Action item. Using the data below, return the stretch from the line that contains "(先輩、聞こえますか……今、" through the line that contains "party more elegant", both included, exactly as it stands and nothing beyond it.

Dataset entries.
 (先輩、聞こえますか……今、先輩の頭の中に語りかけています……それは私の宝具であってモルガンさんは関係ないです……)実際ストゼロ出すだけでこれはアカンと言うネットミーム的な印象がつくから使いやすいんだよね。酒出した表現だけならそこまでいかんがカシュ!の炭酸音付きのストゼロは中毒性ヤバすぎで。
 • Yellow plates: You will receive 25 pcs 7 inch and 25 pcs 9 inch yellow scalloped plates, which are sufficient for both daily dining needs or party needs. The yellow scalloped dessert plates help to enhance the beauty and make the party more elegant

...

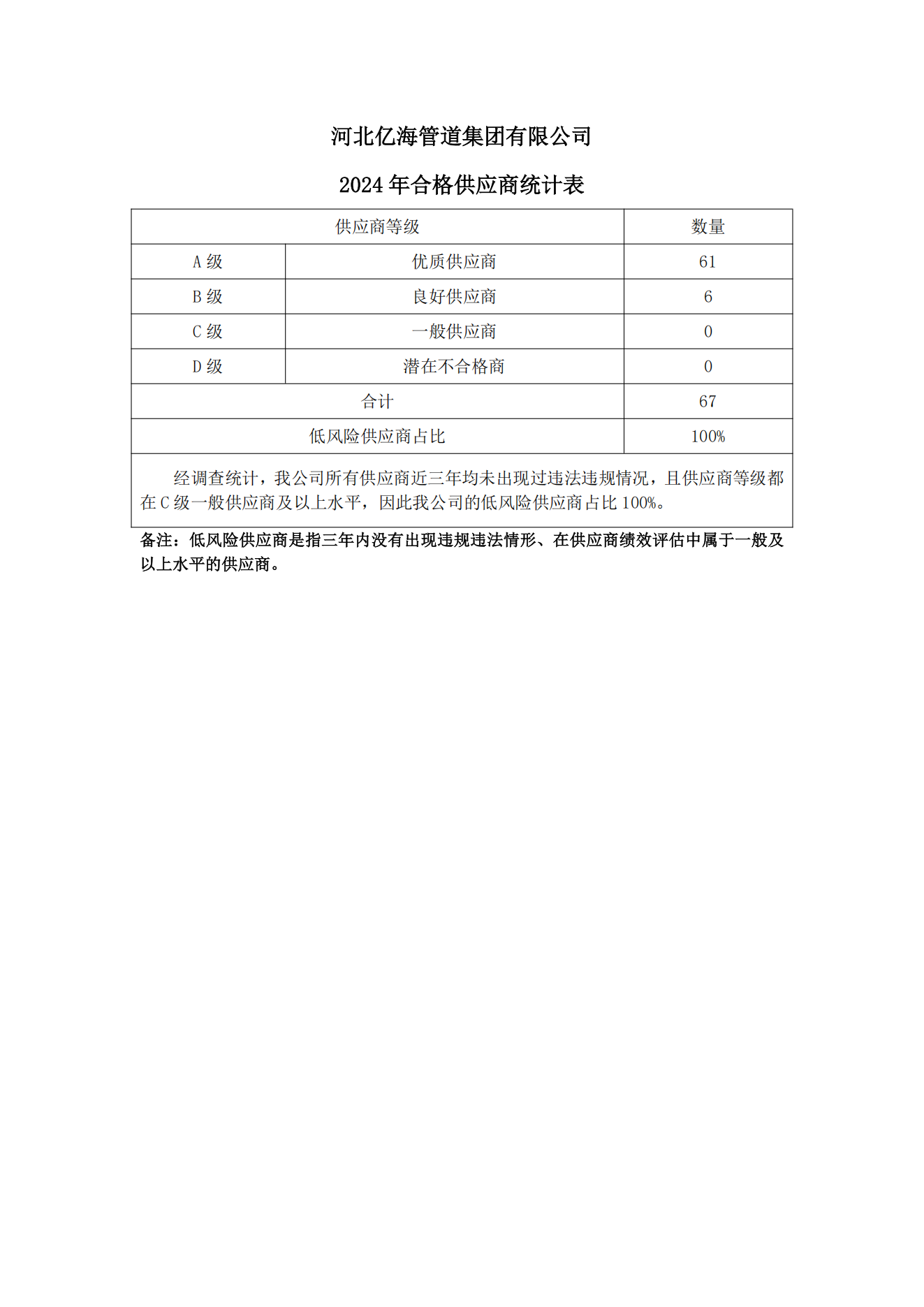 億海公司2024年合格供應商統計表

Answer section.
 (先輩、聞こえますか……今、先輩の頭の中に語りかけています……それは私の宝具であってモルガンさんは関係ないです……)実際ストゼロ出すだけでこれはアカンと言うネットミーム的な印象がつくから使いやすいんだよね。酒出した表現だけならそこまでいかんがカシュ!の炭酸音付きのストゼロは中毒性ヤバすぎで。
 • Yellow plates: You will receive 25 pcs 7 inch and 25 pcs 9 inch yellow scalloped plates, which are sufficient for both daily dining needs or party needs. The yellow scalloped dessert plates help to enhance the beauty and make the party more elegant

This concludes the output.